On February 9, 2018, the Tenth Circuit court of appeals upheld the certification of two classes of immigration detainees who were forced by GEO Group to labor without pay or to "volunteer" to labor for $1 per day.

Nine immigration detainees held at the Aurora Detention Facility, a 1,500-bed facility operated by the GEO Group for U.S. Immigrations and Customs Enforcement, filed a federal civil rights lawsuit alleging their being forced to labor to clean common areas without pay violated the Trafficking Victims Protection Act, 18 U.S.C. § 1589, and their being paid $1 a day for "voluntary" labor in other areas of the facility violated the Colorado unjust enrichment law, a common law equitable theory of recovery. They moved for certification of two classes: (1) all detainees housed at Aurora in the past 10 years; and (2) all detainees who participated in Aurora's voluntary work program in the past three years. The classes total about 67,000 people.

The court certified both classes. GEO filed an interlocutory appeal.

The Tenth Circuit noted that its decision was limited to whether the certification of a class was an abuse of discretion. The lawsuit centered on the facility's Sanitation Policy and Voluntary Work Program (VWP).
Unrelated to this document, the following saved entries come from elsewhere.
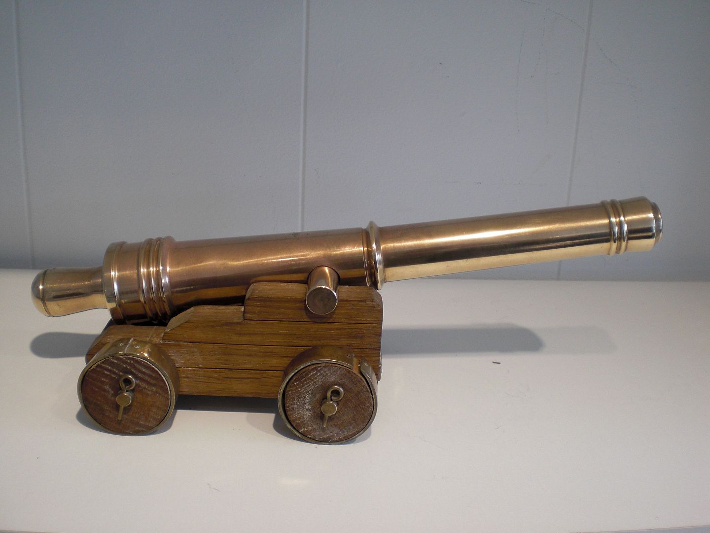 Bord/dekorationskanon messingrør på firhjulet egetræsvogn med messingbeslag. 20 årh. Længde kanonrør: 33,5 cm. Samlet længde på trævogn: 33,5 cm. Samletnhøjde på trævogn: 11,5 cm.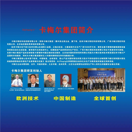 据悉,卡梅尔斯旺科技控股有限公司(简称卡梅尔集团)属中美合资企业。旗下有:杭州卡梅尔斯旺科技有限公司、广西卡梅尔斯旺科技有限公司、北京旭农国际营养饲料有限公司。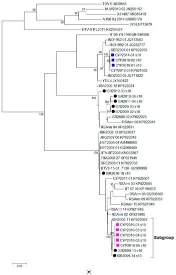 Based on the %nt identity, the closest relative to CYP2016/01 was identified as BTV-5 ISR2009/13 (98.88%) and both these sequences clustered closely with BTV-5 ISR2009/14 and BTV-15 ISR2006/11 (KP821098) (Figure 1e). The %nt identity between CYP2016/01 and other BTV-8 sequences ranged from 92.50% (BTV-8IT2008) to 95.27% (NET2006/04, NET2007/01, and ISR2010/18).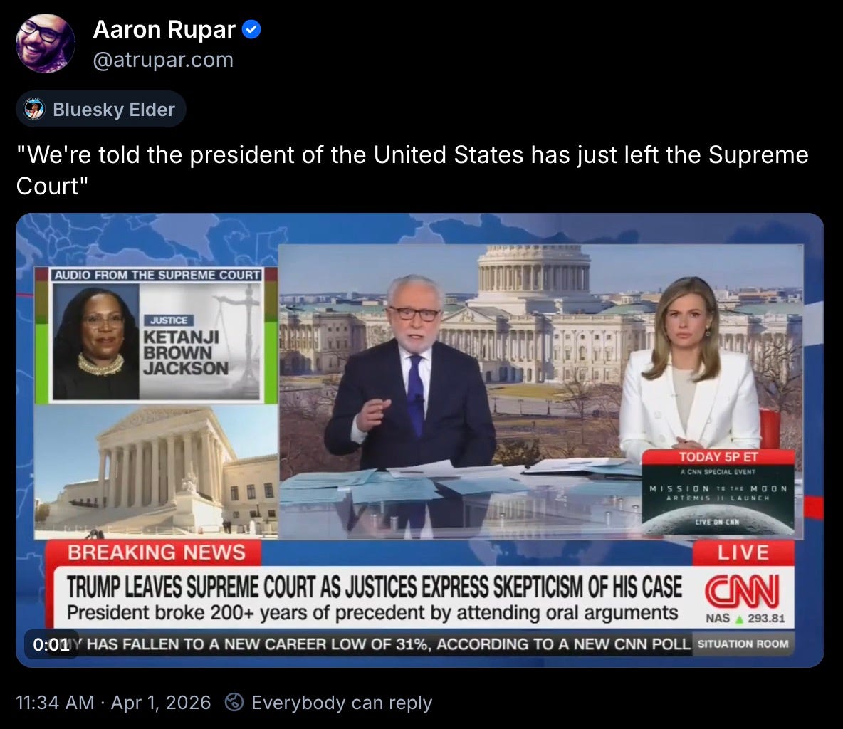 oh, and those Supreme Court oral arguments about birthright citizenship that Donny was so horny to attend yesterday morning? he bailed on them even before they were halfway over.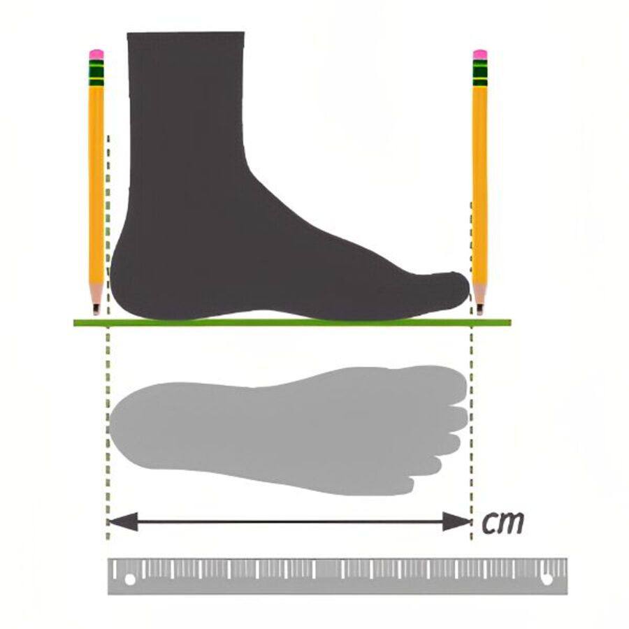 طبق تصویر طول کف پای خود را به سانتی متر ( cm ) اندازه بگیرید و سایز پای خود را در جدول زیر ببینید: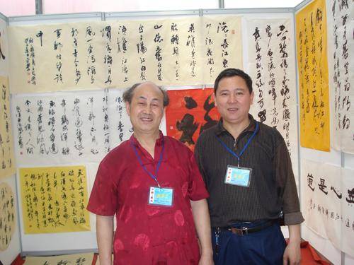 19.2008年4月12日黄平学先生参加中国第二届山东(寿光)书画艺术品博览会与成都书法家在自已的展位前留影。
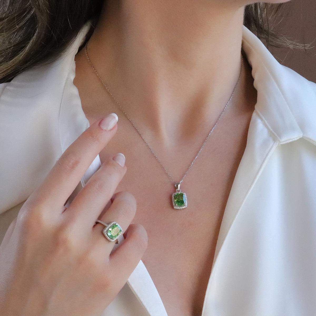 Yeşil Icecut Taşlı Gümüş Set (ZR2TK000017317)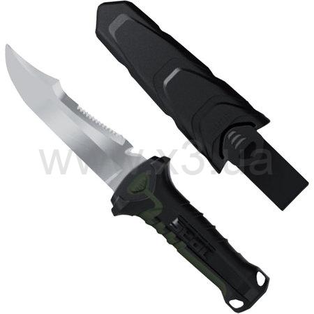 Сделано в Италии с лезвием специальной закалки из нержавеющей стали. Это большой нож идеально подходит для использования в подводной охоте. Его особенностями являются: высокая проникающая способность и эргономичная рукоятка из двойного материала, которая оптимизирует мощность и функциональность. Ножны из ударопрочного пластика нового дизайна с кнопкой блокировки инновационной асимметричной системы FSL (Fast Locking System - Система Быстрой Фиксации), для обеспечения максимальной безопасности и функциональности. Нож может быть извлечён с помощью одной руки и вставлен с обеих сторон.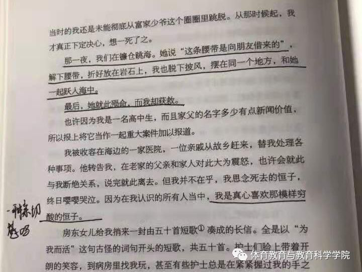 体育教育专业1713高殿森:这是一本给我心灵带来极大震撼的一本书,它以第一人称视角叙述主人公的一生,所以它的代入感极强,常常会让我觉得自己就是书中的那位主角。整本书从开头到结尾都被浸在一种极度压抑的氛围之中,整个故事发展都让你喘不过气来,有时甚至会感到内心深处的秘密好像被人揭穿了,顿时感觉寒毛直立、毛骨悚然、脊背发凉。有人说这本书写的太过于压抑而且充满了负能量,但当我看完这本书后,它给我带来更多的是一些警示。里面的主人公就像一个反面教材一样,让我知道自己不能像他这样思考和为人“生而为人,我很抱歉”这是书中主人公对自己一生的总结,所以这本书给我带来的价值就是,我至少知道了一个失败的人是什么样子的。在之后的生活中,我定会引以为戒,至少做到在回顾我的一生时我能骄傲地说出:“生而为人,我很荣幸”。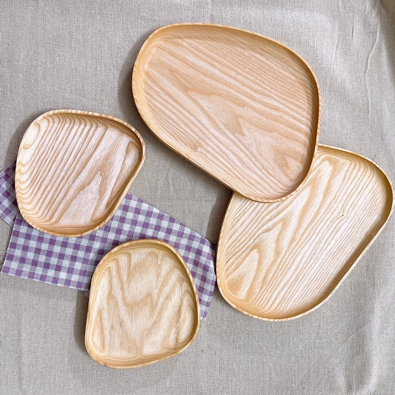 Khay gỗ sồi ovan đựng đồ ăn tráng miệng phong cách Nhật Bản ( khay hình viên sỏi )Chất liệu: gỗ sồi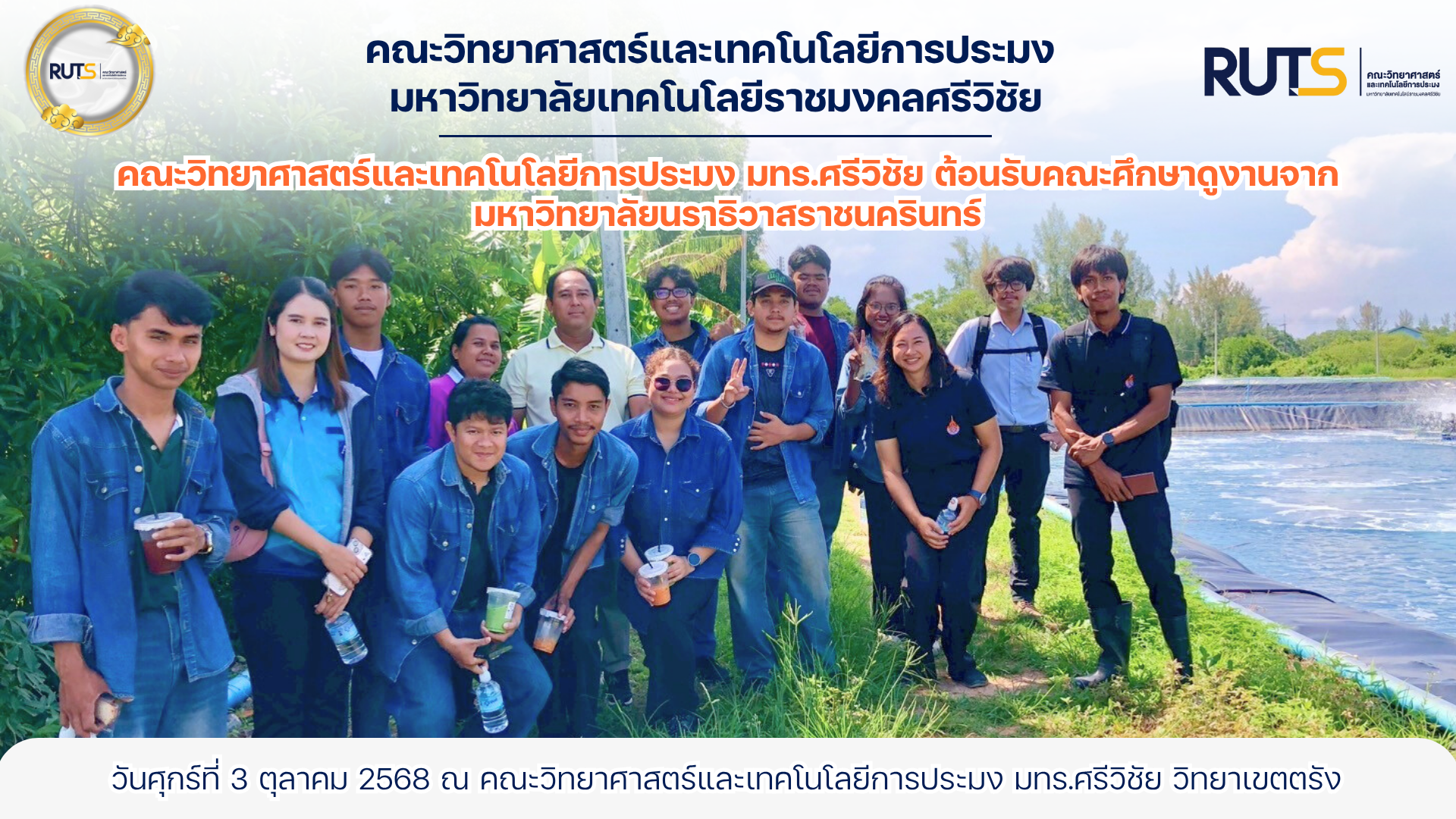 ผู้ช่วยศาสตราจารย์ ดร.มาโนช ขำเจริญ คณบดีคณะวิทยาศาสตร์และเทคโนโลยีการประมง มหาวิทยาลัยเทคโนโลยีราชมงคลศรีวิชัย วิทยาเขตตรัง พร้อมด้วยอาจารย์ทินวุฒิ ล่องพริก หัวหน้าหน่วยวิสาหกิจศึกษา คณาจารย์ และนักวิชาการประมง ให้การต้อนรับ คณาจารย์และนักศึกษาจากคณะเกษตรศาสตร์ มหาวิทยาลัยนราธิวาสราชนครินทร์ อำเภอเมืองนราธิวาส จังหวัดนราธิวาส ในโอกาสเข้าเยี่ยมชมและศึกษาดูงานด้านการเพาะเลี้ยงสาหร่ายและการบริหารจัดการฟาร์ม ในวันศุกร์ที่ 3 ตุลาคม 2568 ณ คณะวิทยาศาสตร์และเทคโนโลยีการประมง

Under the Sanitation Policy, detainees were required to clean the common areas of their housing units on a rotating basis without compensation. Under this policy, refusing to perform cleaning assignments could result in a range of disciplinary sanctions, including criminal charges, solitary confinement for up to 72 hours, loss of commissary, loss of job, restriction to the housing unit, reprimand, or warning.

Detainees wishing to participate in the VWP performed such jobs as food services, painting, laundry services, cutting hair, and stripping and waxing floors. They worked from two to eight hours a day and received $1 per day.

The Tenth Circuit held that both classes satisfied the requirements of commonality, typicality, superiority and predominance. Thus, the district court did not abuse its discretion by certifying the classes. Further, the court held that each class had common questions that allowed for class-wide proof of causation from common circumstantial evidence and the fact that damages would have to be individually calculated did not defeat class certification. Therefore, without making any determination on the merits of the case, it affirmed the certification of both classes.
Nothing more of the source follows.